Prove that two of the straight lines represented by $x^3+bx^2y+cxy^2+y^3 = 0$ will be at right angles if $b+c=-2$.
I divided whole equation by $y^3$ to get a cubic in $\frac{x}{y}$. I guess product of two roots of this equation should be $-1$ but I am unable to derive a condition for that.
On
Let $y=mx$.
Thus, me need $$m^3+bm^2+cm+1=0$$ with $m_1m_2=-1$ and since $m_1m_2m_3=-1$,
we obtain $m_3=1$ and $$1+b+c+1=0$$ or $$b+c=-2.$$
Id est, we proved a bit of more:
Two of the straight lines represented by $$x^3+bx^2y+cxy^2+y^3=0$$ will be at right angles iff $b+c=-2$.
Because if $b+c=-2$ we see that one of roots of the following equation $$m^3+bm^2+cm+1=0$$ is $m_1=1$, which gives $m_2m_3=-1$ and we are done!
This is a homogenous equation in third degree, representing 3 straight lines passing through (0,0)
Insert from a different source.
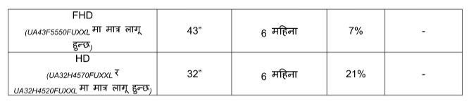 ग्राहकलाई थप आश्वासन प्रदान गर्नका लागि, सामसङले आफ्ना T, A, B, C, D, र F Series TVहरूमा उत्पादनसम्बन्धी त्रुटि कभर हुने ३ वर्षको व्यापक वारेन्टी पनि प्रदान गर्दछ।
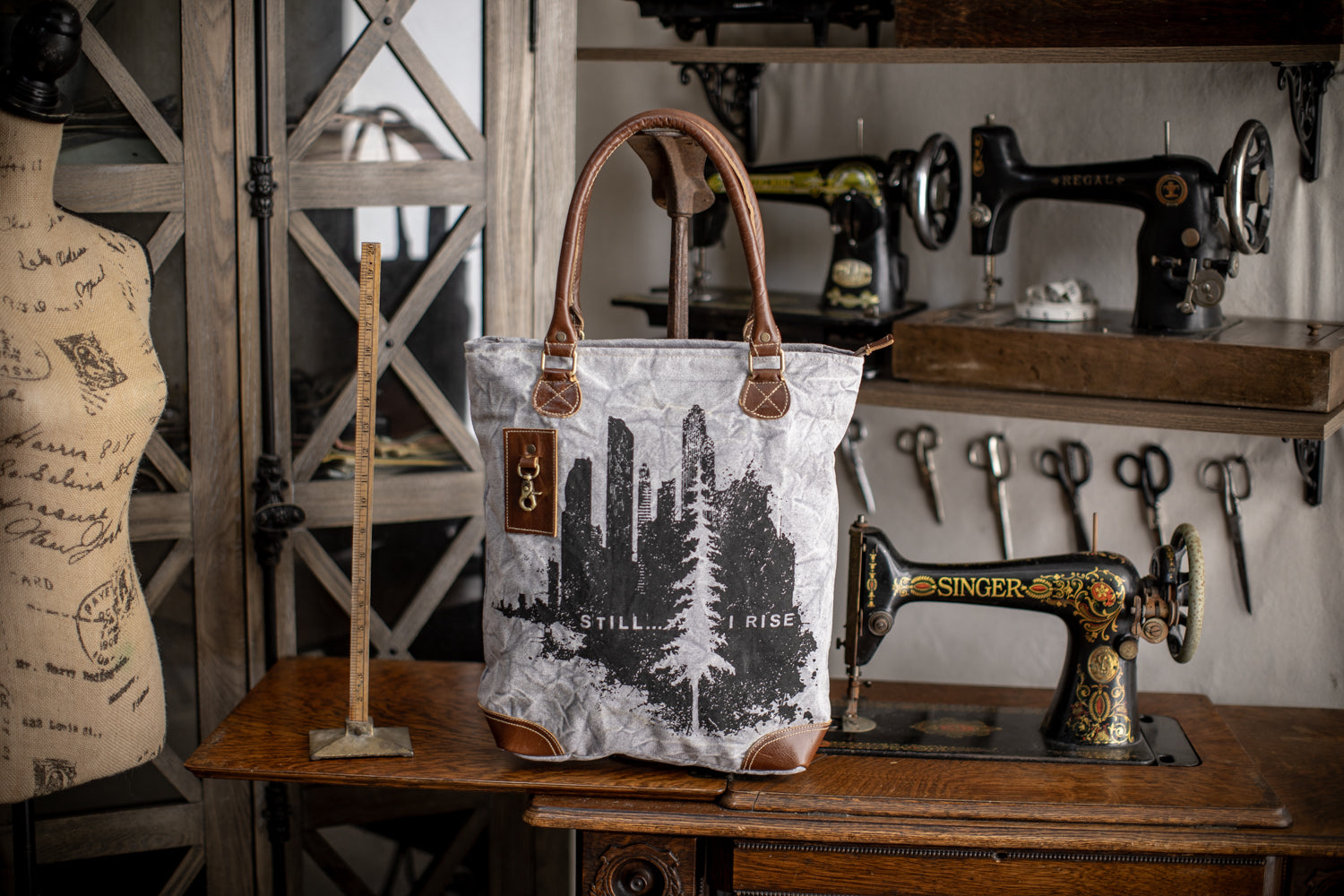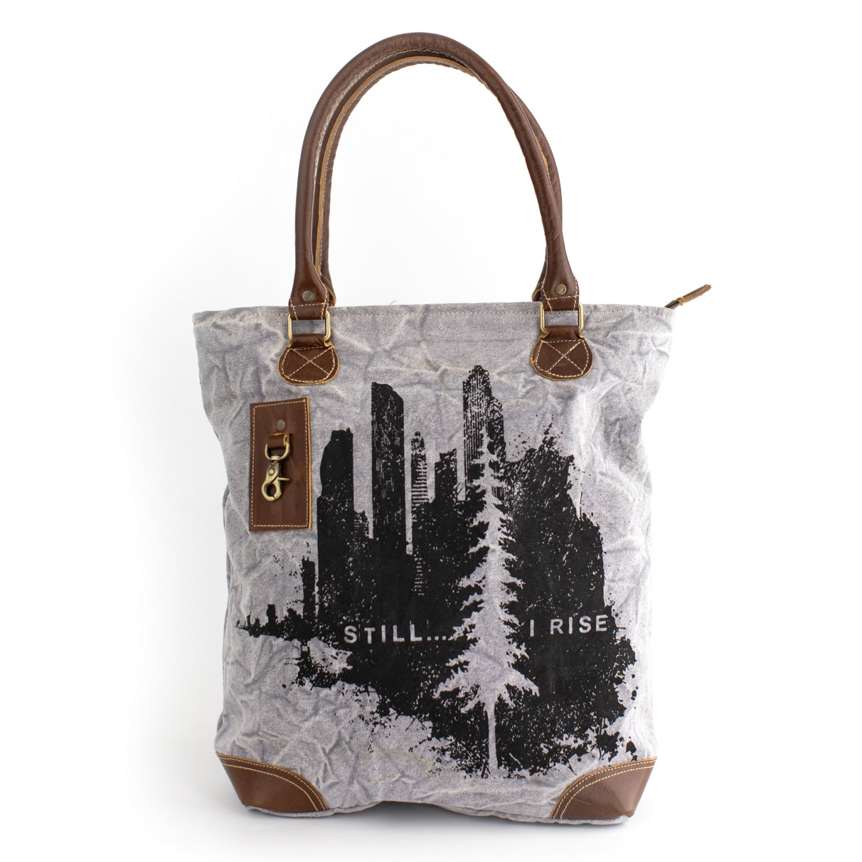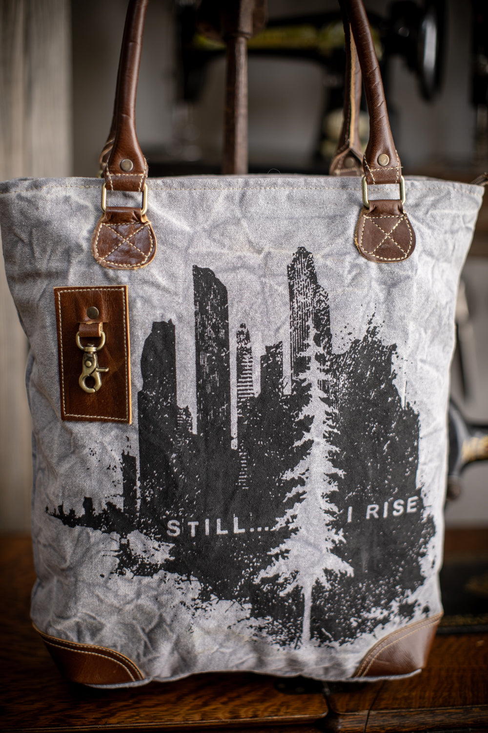 The Still I Rise Recycled Canvas Tote is the ultimate blend of durability and style, perfect for everyday use or special outings. Crafted from heavy-duty recycled canvas, genuine leather trim, and brass hardware, this tote bag is designed for those who appreciate both functionality and ethical fashion.

So we have slope = $\dfrac{y}{x} =m$. We may now form cubic in $m$, having three roots $m_1, m_2, m_3$.
$$m^3+cm^2+bm+1 =0$$
From vieta theorem, we have product of roots:
$$m_1m_2m_3 = -1$$
But we also know that if two of the lines are perpendicular, then product of two of the three slopes will be $-1$. So the third slope will be $1$ and $m=1$ is a root of the cubic.
Therefore $b+c+2=0$
Edit
As Mr Rozenberg points out, we are given that $b+c = -2$, which implies that $m=1$ is a root. Since we had product of the three roots $m_1m_2m_3 = -1$ and one slope as $1$, product of other two slopes is $-1$.